Federal Education Minister Dan Tehan

Cybersecurity minister Dan Tehan

When it comes to cybersecurity, it seems, Australians can engage in macho posturing with the best. As the most recent outbreak of ransomware, Petya, circulates around the globe, our government was assembling a new division of cyber warriors. “An unprecedented legal directive,” wrote The Australian’s ever-amusing Simon Benson, would allow the Australian Signals Directorate to “shut down and ­destroy foreign criminal networks, including those responsible for recent global ransomware attacks”. Those attacks, Benson noted, “shut down a Cadbury’s factory in Tasmania”.

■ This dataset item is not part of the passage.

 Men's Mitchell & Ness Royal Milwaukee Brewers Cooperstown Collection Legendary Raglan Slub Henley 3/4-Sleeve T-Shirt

Mess with our chocolates, at your peril, hackers!

In an “exclusive”, at the ABC, we had a similar story. “A new information warfare unit … will be tasked with defending Australian military targets from cyber attacks and preparing to launch its own assaults on foreign forces.”

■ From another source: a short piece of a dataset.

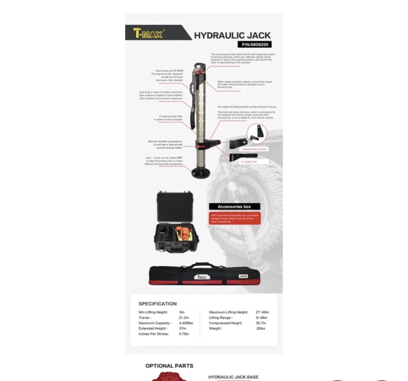 جک هیدرولیک تیمکس (T‑Max Hydraulic Jack) یک جک قدرتمند و قابلاعتماد برای بلند کردن خودرو در شرایط جادهای و آفرود است. این جک با بهرهگیری از سیلندر هیدرولیک تقویتشده و پیستون مقاوم توانایی بلند کردن خودروهای SUV، پیکاپ و خودروهای دو دیفرانسیل را دارد.

Meantime, cybersecurity minister Dan Tehan was calling the ransomware attacks a “wake-up call”.

“We are in contact with our Five Eyes partners … It appears to be the same vulnerability as Wannacry,” Tehan said on Wednesday, referring to the previous major ransomware attack in May. Tehan called that attack a “wake-up call”, too. In fact, virtually every cyber attack is called a “wake-up call”, stretching back decades, as NPR noted in the US.

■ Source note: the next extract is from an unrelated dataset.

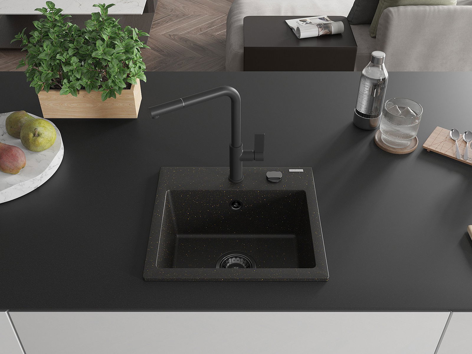 Zlew posiada podfrezowany otwór o średnicy 35 mm do samodzielnego wybicia. Można go wykorzystać m.in. do montażu dozownika na płyn, który wyeliminuje obecność plastikowych butelek w kuchni i nada jej eleganckiego wykończenia.

If it was a genuine wake-up call, Tehan would acknowledge that it is our “Five Eyes partners” who are to blame for both Wannacry and Petya, because both use a vulnerability in a Microsoft operating system that the NSA either discovered for itself or purchased, and then kept quiet about, rather than alerting Microsoft about the flaw. The NSA, presumably, thought it too useful for its commercial espionage to bother alerting Redmond that there was a serious problem in its software. Until, that is, someone stole it from the NSA, and the NSA belatedly decided to might be a good idea to contact Microsoft and tell them to patch it.

The problem with this macho posturing stuff on cybersecurity is that it simply repeats exactly that cycle. How will the ASD “destroy foreign criminal networks”, especially those with the gall to go after our lollies? Why, using vulnerabilities discovered by the Five Eyes network or purchased by them, and then hoarded, rather than fixed. Inevitably, those vulnerabilities will be stolen from agencies, just like the NSA’s and CIA’s troves of vulnerabilities have been stolen, or they’ll be discovered by foreign agencies or criminals, and because they haven’t been fixed, exploited by them as well.

The ASD, along with its counterparts at the NSA, and at GCHQ, and in Canada and New Zealand, makes us all less safe with their approach to cybersecurity. That is the wake up call. But we’re too busy talking rubbish about cyber wars to hear it.